Retype the listing below line for line, but only from the line with "我们输入 Prompt:摇滚" down to the line with "5) 할당 용량 : 추가하고자", inclusive. Pictures stay out.

> _Records supplied_:
--

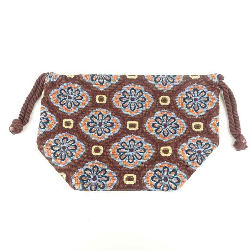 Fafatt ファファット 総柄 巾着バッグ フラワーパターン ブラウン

--

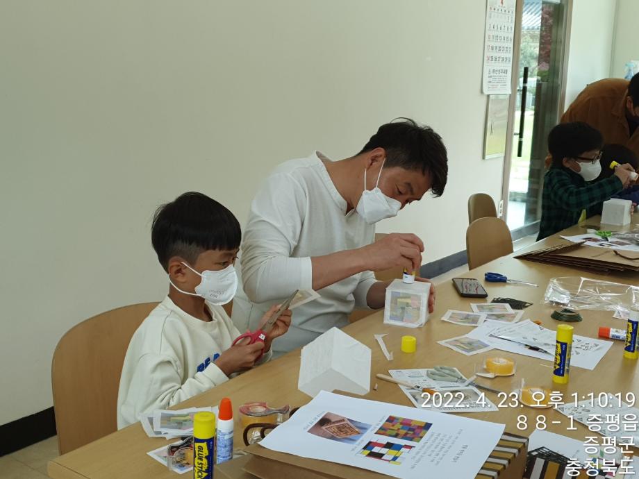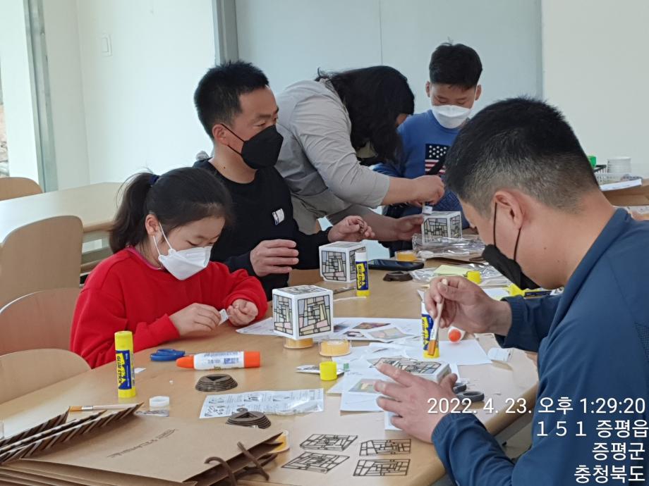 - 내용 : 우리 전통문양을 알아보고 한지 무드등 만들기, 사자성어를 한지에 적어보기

--

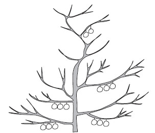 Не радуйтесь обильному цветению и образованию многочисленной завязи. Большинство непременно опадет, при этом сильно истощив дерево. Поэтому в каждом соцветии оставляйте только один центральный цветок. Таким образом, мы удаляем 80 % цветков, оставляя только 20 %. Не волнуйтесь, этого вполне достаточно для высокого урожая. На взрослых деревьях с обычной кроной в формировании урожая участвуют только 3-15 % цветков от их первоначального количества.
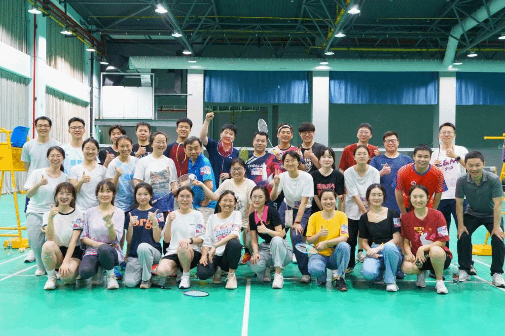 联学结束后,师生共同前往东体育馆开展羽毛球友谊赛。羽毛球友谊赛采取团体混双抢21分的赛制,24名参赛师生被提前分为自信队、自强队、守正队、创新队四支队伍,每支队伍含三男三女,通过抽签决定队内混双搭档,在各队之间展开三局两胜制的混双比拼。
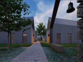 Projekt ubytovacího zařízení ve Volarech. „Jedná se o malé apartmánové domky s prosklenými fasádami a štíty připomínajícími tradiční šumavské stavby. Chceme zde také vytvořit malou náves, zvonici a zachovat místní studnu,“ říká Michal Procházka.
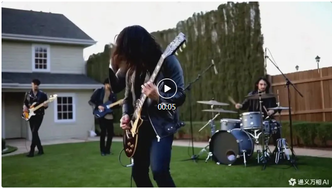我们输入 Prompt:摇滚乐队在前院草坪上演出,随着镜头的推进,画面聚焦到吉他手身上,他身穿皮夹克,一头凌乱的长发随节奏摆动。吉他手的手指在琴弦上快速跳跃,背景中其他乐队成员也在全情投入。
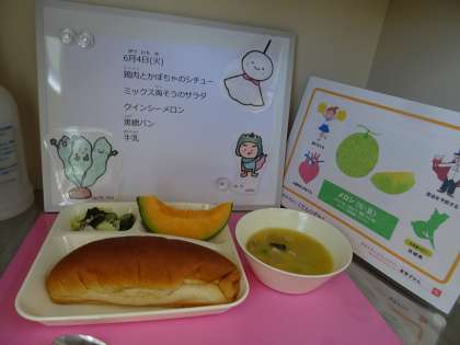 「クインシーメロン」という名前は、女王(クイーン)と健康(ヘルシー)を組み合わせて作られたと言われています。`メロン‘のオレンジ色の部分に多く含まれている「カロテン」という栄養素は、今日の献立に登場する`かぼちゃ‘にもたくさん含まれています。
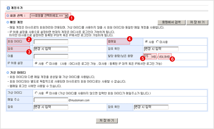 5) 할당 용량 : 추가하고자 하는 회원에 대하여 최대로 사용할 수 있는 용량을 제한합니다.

--

> _Task answer_:
我们输入 Prompt:摇滚乐队在前院草坪上演出,随着镜头的推进,画面聚焦到吉他手身上,他身穿皮夹克,一头凌乱的长发随节奏摆动。吉他手的手指在琴弦上快速跳跃,背景中其他乐队成员也在全情投入。
 「クインシーメロン」という名前は、女王(クイーン)と健康(ヘルシー)を組み合わせて作られたと言われています。`メロン‘のオレンジ色の部分に多く含まれている「カロテン」という栄養素は、今日の献立に登場する`かぼちゃ‘にもたくさん含まれています。
 5) 할당 용량 : 추가하고자 하는 회원에 대하여 최대로 사용할 수 있는 용량을 제한합니다.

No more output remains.